Недругами Чавеса поездка в Гавану была интерпретирована самым подлым образом. В газетах появились фотографии, на которых он обнимался с Фиделем, и комментарий, что они создают в Южной Америке партизанскую армию.
До сего дня дружеские отношения между Чавесом и Фиделем для оппозиционеров — сильнейший раздражающий фактор, подобный красной тряпке для быка. «Чавес полностью зависит от кубинского диктатора, выполняет все его указания даже вопреки интересам венесуэльского народа» — эти обвинения звучат постоянно. Чавес парирует: «Я уже говорил: для меня Фидель как отец. Он для меня — обязательная точка отсчёта».
Как бы ни возмущался Чавес клеветнической кампанией в СМИ, его поездка в 1994 году по странам Латинской Америки была больше чем просто «ознакомительной» и важнее, чем «установление полезных связей». Создание «Боливарианского интернационала» близких по духу партий на континенте — вот что он вынашивал в качестве международного проекта, дополняющего «домашний проект» — демонтаж прогнившей Четвёртой республики и создание Боливарианской республики Венесуэла. Та поездка показала, что память о мрачной эпохе военно-диктаторских режимов в регионе, болезненные процессы восстановления демократии в странах, переживших разгул репрессий и террора, негативно сказались на общественном интересе к его визиту. К нему отнеслись как к типичному «путчисту», не слишком разбираясь в тонкостях его политической программы.
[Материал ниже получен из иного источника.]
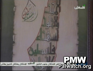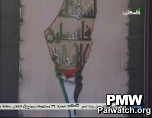 Map from the office of Bilal Aslan, Head of the Bureau for Political Guidance of Fatah in Lebanon. The map is labeled “Palestine” and at the bottom of the map, there is a Palestinian flag.

Выступлениями Чавеса в Буэнос-Айресе заинтересовались немногие, хотя в малотиражной левоцентристской прессе его подавали как «идейного продолжателя Перона». Журналист, показав Чавесу на полупустой зал, сказал не без иронии:
— Команданте, вам будет очень трудно создать боливарианский интернационал с такими кадрами. Их очень немного и почти всем перевалило за пятьдесят.
— Ничего страшного, — ответил с улыбкой Чавес. — Если мне придётся выступать в зале с пустыми стульями, я это сделаю.
Во время того визита в Аргентину, в июле 1994 года, Чавес познакомился с политологом и социологом Норберто Сересоле. Венесуэлец стал для Сересоле даром судьбы. Аргентинский учёный разработал теорию «прогрессивного националистического бонапартизма» с харизматическим лидером во главе. Сересоле очень рассчитывал, что Чавес заинтересуется его теоретическими выкладками, особенно той их частью, где излагалась доктрина использования армии для борьбы за национальное освобождение. Так и получилось: венесуэлец нуждался в научном обосновании своих претензий на власть, лидерство, включение армии в процесс социально-общественных преобразований. Сересоле представил Чавеса друзьям, бывшим и действующим военным правой ориентации. Венесуэлец активно общался с ними, но его интерес к организациям левого направления не снижался, что «неприятно удивляло» Сересоле.
Впрочем, аргентинец надеялся на всемогущую диалектику исторического процесса: Латинская Америка нуждалась в подлинном лидере — бесстрашном, объединяющем, выдвигающем грандиозные задачи. В Чавесе со всей определённостью проступали черты такого харизматического лидера, который способен ответить на неотложные вызовы современности, дать решающий импульс эпохе всемирных перемен.
Вскоре Сересоле перебрался в Каракас, поближе к своему «научному объекту». Позднее Сересоле написал:
«В те времена мы вместе объездили, и не раз, почти всю венесуэльскую географию, по маршруту, который начался в далёком Буэнос-Айресе и завершился в Санта-Марте, в Колумбии. Я мог видеть на практике, как действует «харизма», нечто, о чём я имел представление по книгам, но чего почти не видел в реальности. Я мог видеть — воочию, в эпоху «повышенного риска» для Чавеса, — как борется выдающийся политик против враждебности истории и мелких затруднений повседневной жизни».
Аргентинец был на десять лет старше Уго, но разница в возрасте почти не замечалась. Несмотря на свою грузность, Норберто был подвижен, размашисто жестикулировал, обладал живой мимикой и тонким юмором. Он был внимательным слушателем, что очень ценил Чавес. Сересоле снимал затемнённые очки, приглаживал аккуратно подстриженную бородку, проводил ладонью по высокому лбу, словно настраиваясь на доверительную волну, располагающе посмеивался, предвкушая свободный полёт дискуссии, не ограниченной никакими табу.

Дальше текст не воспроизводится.